Unmarkdown
AI Tools

Hub-and-Spoke Memory: How I Gave Claude Code Persistent Context Across 200+ Sessions

Updated Mar 8, 2026 · 10 min read

I've been building a SaaS product with Claude Code for three months. Over 200 sessions. Hundreds of files across a Next.js app, Supabase backend, Stripe integration, MCP server, Chrome extension, Obsidian plugin, 875 tests.

Around session 30, I hit a wall. Claude would start a new session, read CLAUDE.md, and still not know enough. It didn't know which features were shipped, which were in progress, what technical decisions we'd made, or what bugs we'd already fixed. I'd spend the first 15 minutes of every session re-explaining context. Multiply that by 200 sessions and you've wasted 50 hours just on context recovery.

So I built a memory system. Not a database. Not a vector store. Just files. Structured files that Claude reads at the start of every session, organized in a hub-and-spoke pattern.

It solved the problem completely. Here's how it works.

The problem with a single CLAUDE.md

Most people put everything in one CLAUDE.md file. Project setup, architecture notes, coding standards, current tasks, historical decisions, debugging tips. The file grows to 500+ lines. Then two things happen:

It blows up the context window. CLAUDE.md loads into every conversation. A 500-line file with detailed architecture notes, pricing logic, and editor internals consumes thousands of tokens before you've said a word. That's context budget you'll need later for actual code.

Claude can't prioritize. When everything is in one file, nothing stands out. The instruction to "always run tests before committing" sits next to a paragraph about the Stripe webhook retry logic from two months ago. Claude gives equal weight to all of it, which means it gives appropriate weight to none of it.

The insight is simple: Claude doesn't need to know everything at once. It needs to know what's relevant right now, and where to find the rest.

The hub-and-spoke pattern

The architecture has two parts:

The hub is a single file (MEMORY.md) that's auto-loaded into every conversation. It stays under 200 lines. It contains standing instructions, the current sprint status, and an index of spoke files with "when to read" guidance.

The spokes are topic-specific files that hold the real detail. Architecture decisions, pricing logic, editor internals, publishing infrastructure, analytics setup, distribution status. Each spoke owns one domain of knowledge.

Claude reads the hub automatically. It reads spokes on demand, only when the current task touches that domain.

Here's what my hub file looks like (simplified):

# Project Memory

## Standing Instructions
- Never make assumptions. Always ask when unsure.
- Tests are mandatory for every code change.
- Always update docs after completing each phase.

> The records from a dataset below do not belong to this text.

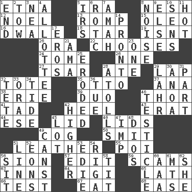 ACROSS 1. Inactive volcano in Sicily 5. Lyricist Gershwin 8. Delicate 12. Christmas carol 13. Frolic 15. Butter sub 16. A sleeping potion; an opiate (poet.) 18. Play the lead 19. Is not 20. Mouth or opening 22. Elects 24. Heavy book 26. Compass dir. 27. Russian ruler of old 28. Had dinner 29. Pet locale 32. Haul 35. "Beetle Bailey" pooch 37. Santa ___, CA 38. 4th largest of the Great Lakes 39. Superhero pair 40. Son of Odin 41. Small amount or degree 42. Person who is morally reprehensible 43. Part of Q.E.F. 44. Compass dir. 45. Hat (slang) 46. Hats (slang) 49. Gear tooth 50. Stricken, poetically 51. Cordwainer's material 55. Luau course 56. The Jewish people; Israel 57. Prepare for publication 59. Fraudulent business schemes 63. Lodging establishments 64. Swiss mountan, "Queen of the Mountains" 65. Thin strip of wood or metal 66. Trial 67. Consume 68. Relaxation DOWN 1. Conclusion 2. Pull behind 3. Teachers' org. 4. One to whom something is allotted 5. Big collection agency 6. College mil. group 7. Nursemaid 8. Annoying sound 9. Otherwise 10. Elected reps. 11. Being at a high temperature 14. Right away 17. Greek god of love 21. Nursemaid (var.) 23. Single 25. Eaten away 28. Ringlike coral islands and reefs 29. Cowardly lion portrayer 30. Small Philippine buffalo 31. Piece 32. Wig 33. Mouths or openings 34. Event that recurs at intervals 36. Third day of the wk. 40. A testis 42. Having greater elevation 45. Car dealer's back yard 47. Mischievous child 48. "Vaya con ____" 49. 2nd pers. sing. pres. of can (arch.) 51. Actor's bit 52. Immeasurably long periods of time 53. Singer Brickell 54. Port city in Latvia 56. Be seated 58. Teat (slang) 60. American Automobile Association (abbr.) 61. Mountains (abbr.) 62. A female animal or person
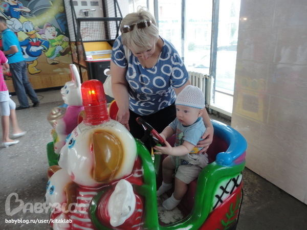 Бабуличка катает на машинке)))
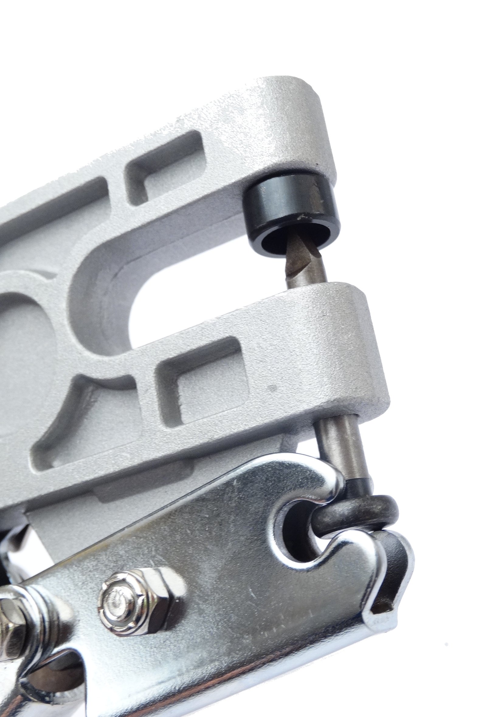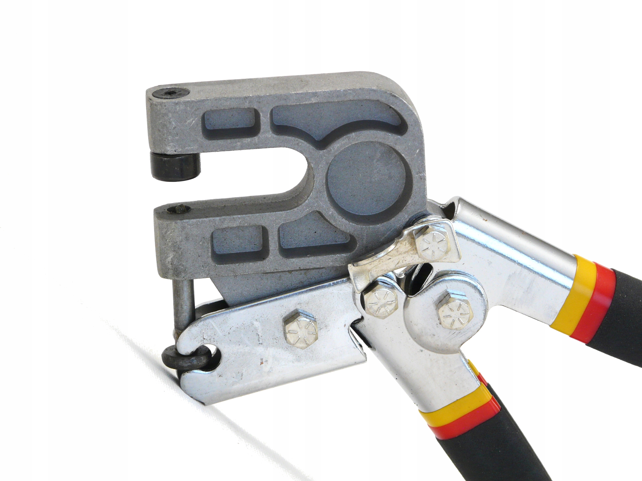 Поместите соединяемые элементы в головку плоскогубцев и плотно прижмите ручки. Штифт протыкает листы насквозь, выталкивая один из них на другую сторону отверстия, таким образом, прочно соединяя их.
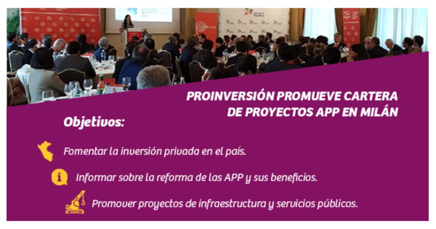 Lima, 23 de marzo de 2017.- La Agencia de Promoción de la Inversión Privada (ProInversión) promovió la cartera de proyectos de Asociaciones Público Privadas (APP) en el evento “El Perú en la economía global. Oportunidades en los sectores de energía e infraestructura de transporte”, organizado por ProInversión conjuntamente con la Embajada de Perú en Italia y la Oficina Comercial de Perú en Milán.
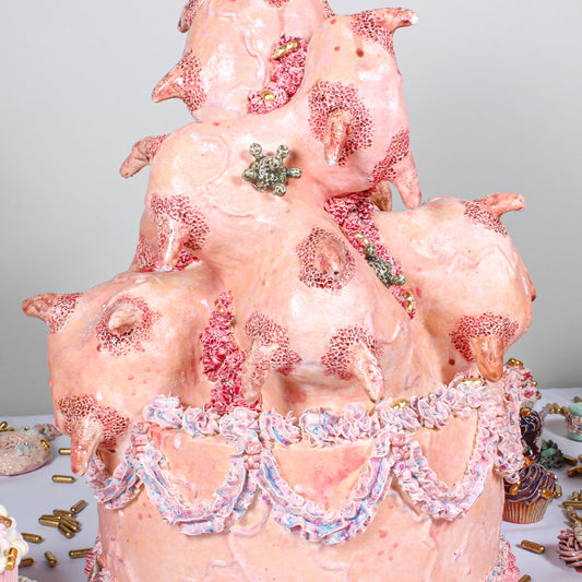 In this solo exhibition at the Saskatchewan Craft Council Gallery, Manitoba artist Julianna Zwierciadlowska-Rhymer presents a striking installation of ceramic desserts, fibre tapestries, and self-portrait photographs. At first, her pastel cake-like ceramic sculptures appear luxurious and inviting. However, a closer look reveals unsettling and sometimes grotesque details designed to prompt reflection and discomfort.
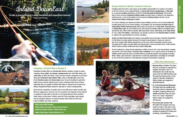 DownEast Acadia offers an unbelievably diverse number of ways to enjoy camping . Many public and private campgrounds here offer RVs , tents , and cabin sites on lakes and rivers . There are also remote campsites to pick from along the Downeast Lakes Water Trails , a few on Rocky Lake , and some in the Machias Lakes and Grand Lakes area . If you ’ re looking to spend the night along a remote watery pond or lake , remember that most of these waterside sites are paddle-in rather than hike-in . Expand your horizons by hiring a Registered Maine Guide for day trips or canoe-camping trips .

## After Context Loss / New Session Recovery
MANDATORY: Do NOT write any code until ALL steps are completed.
1. Read this file (auto-loaded)
2. Run git log --oneline -20 to verify latest commits
3. Read the relevant spoke file(s) from the index below
4. Ask the user what they want to work on

## Current Sprint
### Active
- Obsidian plugin: PR #10520, waiting for review
- ChatGPT App: Submitted, awaiting review

### Recently Completed
- Blog: 119 posts published
- PostHog: 25 events, 3 dashboards
- v1.1-v1.5 features: all shipped

## Spoke File Index
| File | When to read |
|------|-------------|
| architecture.md | Every session |
| product-status.md | "What's shipped?", phase status |
| pricing-and-billing.md | Pricing, Stripe, auth |
| publishing.md | Published pages, sharing, folders |
| editor-technical.md | Editor bugs, toolbar, sync |
| extensions-technical.md | KaTeX, Mermaid, Chart.js |
| distribution.md | MCP, Chrome ext, Obsidian plugin |
| analytics.md | PostHog, Sentry, SEO |

The spoke index is the key design element. It tells Claude which file to read based on what you're working on. If I say "let's fix a publishing bug," Claude knows to read publishing.md before touching any code.

What goes in spoke files

Each spoke file is a self-contained reference for one domain. Here's the structure I've found works:

Current state. What's deployed, what's working, what's broken. Not what we planned to build six weeks ago. What's true right now.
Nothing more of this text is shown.